Important Considerations

Logic-Level Operation: The IRLZ44N is a logic-level MOSFET, meaning it can be fully turned on with a gate voltage as low as 5V, making it compatible with 5V microcontrollers like the Arduino UNO.
Heat Dissipation: For high-current applications, use a heatsink to prevent overheating.
Flyback Diode: When driving inductive loads (e.g., motors, relays), include a flyback diode across the load to protect the MOSFET from voltage spikes.

Example: Controlling a DC Motor with Arduino UNO

Below is an example circuit and code to control a DC motor using the IRLZ44N and an Arduino UNO.

Circuit Diagram

Gate: Connect to Arduino digital pin (e.g., D9) through a 220Ω resistor.
Drain: Connect to one terminal of the motor.
Source: Connect to ground.
Motor Power Supply: Connect the positive terminal to the other motor terminal and the negative terminal to ground.

Arduino Code

// Define the pin connected to the MOSFET gate
const int mosfetGatePin = 9;

void setup() {
  // Set the MOSFET gate pin as an output
  pinMode(mosfetGatePin, OUTPUT);
}

void loop() {
  // Turn the motor on by setting the gate HIGH
  digitalWrite(mosfetGatePin, HIGH);
  delay(2000); // Keep the motor on for 2 seconds

  // Turn the motor off by setting the gate LOW
  digitalWrite(mosfetGatePin, LOW);
  delay(2000); // Keep the motor off for 2 seconds
}

Best Practices

Use a pull-down resistor (10kΩ) between the gate and source to ensure the MOSFET remains off when no signal is applied.
Avoid exceeding the maximum ratings for voltage, current, and power dissipation to prevent damage.

Troubleshooting and FAQs

Common Issues

MOSFET Not Turning On:
- Ensure the gate voltage is at least 5V for full conduction.
- Check for a proper connection between the gate and the microcontroller.
Excessive Heat:
- Verify that the current through the MOSFET does not exceed its rated limit.
- Use a heatsink or active cooling for high-power applications.
Load Not Operating:
- Check the connections to the load and power supply.
- Ensure the MOSFET is not damaged by testing it with a multimeter.

FAQs

Q: Can the IRLZ44N be used with a 3.3V microcontroller?
A: While the IRLZ44N is a logic-level MOSFET, it may not fully turn on with a 3.3V gate signal.
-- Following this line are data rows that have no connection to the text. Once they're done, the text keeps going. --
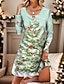 女性用 ミニドレス カジュアルドレス 花柄ドレス サマードレス ファッション 近代の 日常 ビーチ 週末 レギュラー フラワー 七分袖 Vネック ブラック ホワイト イエロー ルビーレッド 夏
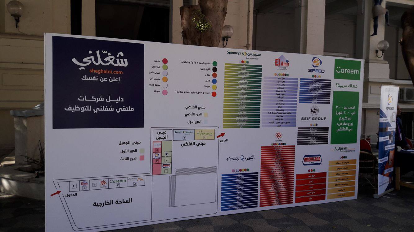 يذكر أن موقع «شغلنى» للتوظيف أون لاين أطلق اليوم ملتقى توظيفيا بالجريك كامبس بوسط البلد شارك به 10 شركات منها مجموعة صيدليات العزبى وشركة سبيد ودرينكز وسيف جروب بالإضافة إلى سبينس، حيث يستطيع الباحثون عن عمل تقدم السيرة الذاتية لهم وإجراء مقابلات شخصية مع مديرى الأقسام بكل شركة، كما تم توفير استوديو للتصوير الفوتغرافى للتصوير الفورى بسعر بلغ 35 جنيها.
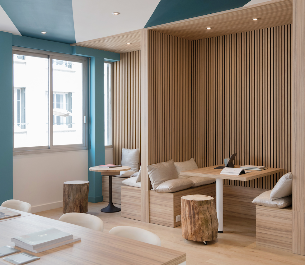 Ainsi, il est aisé de se mouvoir entre zones « calmes », groupes de travail et espaces privatifs en fonction des besoins de l’instant. Par ailleurs, de nombreux panneaux acoustiques ont été installés. Composés d'une base en feutre et recouverts de tasseaux plaqués bois, ces derniers permettent d’atténuer la résonance au sein même des espaces communs.

For optimal performance, use a MOSFET driver or a 5V logic-level signal.

Q: Do I need a heatsink for the IRLZ44N?
A: A heatsink is recommended for applications where the MOSFET handles high currents (e.g., above 10A) to prevent overheating.

Q: Can I use the IRLZ44N for AC loads?
A: No, the IRLZ44N is designed for DC applications. For AC loads, consider using a TRIAC or an IGBT.

By following this documentation, you can effectively integrate the IRLZ44N into your electronic projects and ensure reliable performance.